The new bid of $13.75 per share from Michael Dell and Silver Lake Partners prompted the company to adjourn the special stockholder meeting for a second time while a special committee of the board of directors evaluates the new bid. The meeting will be reconvened at 9 a.m. Central Time on August 2, the special committee said Wednesday.
However, the new bid comes with strings attached: The company must modify the voting requirements for its acceptance, Denali Holding, the acquisition vehicle Michael Dell and Silver Lake are using for their bid, wrote in a letter to the board’s special committee.
Denali wants to modify the merger agreement to require the approval of “a majority of the outstanding shares held by the unaffiliated stockholders that are present in person or by proxy and voting for or against approval of the merger agreement at the stockholder meeting.”

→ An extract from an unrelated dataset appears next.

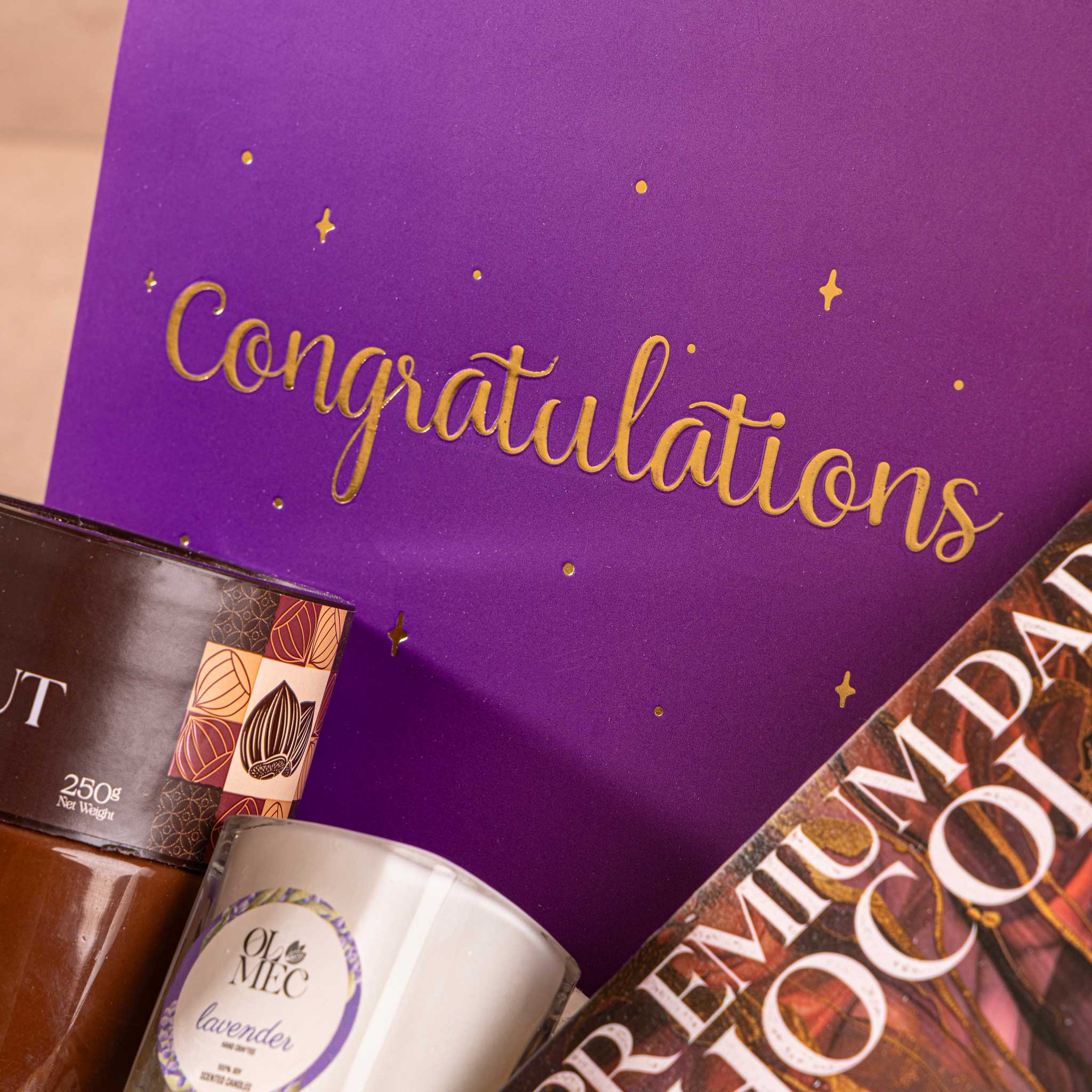 This celebratory hamper brings together rich chocolates, a smooth chocolate hazelnut spread, and a calming lavender candle to mark the win properly. Big moment, well deserved.

The existing merger agreement counts shares not voted, or abstentions, as votes against the proposal
The bidders gave Dell until 6 p.m. Eastern Time Wednesday to accept the proposal.
Stockholders were due to vote on Michael Dell’s original bid, first made in February, on July 18, but the board adjourned that meeting, postponing it to this Wednesday, after it appeared that many stockholders were against the proposal.
One person who will not be happy about the new adjournment is activitist investor Carl Icahn, who backs a rival proposal to recapitalize the firm.
On Tuesday Icahn wrote an open letter to stockholders calling for an end to the delays, saying: “We think that—after six months—the time for soliciting is over. It’s time to vote. Do not move election day again. This is not a banana republic.”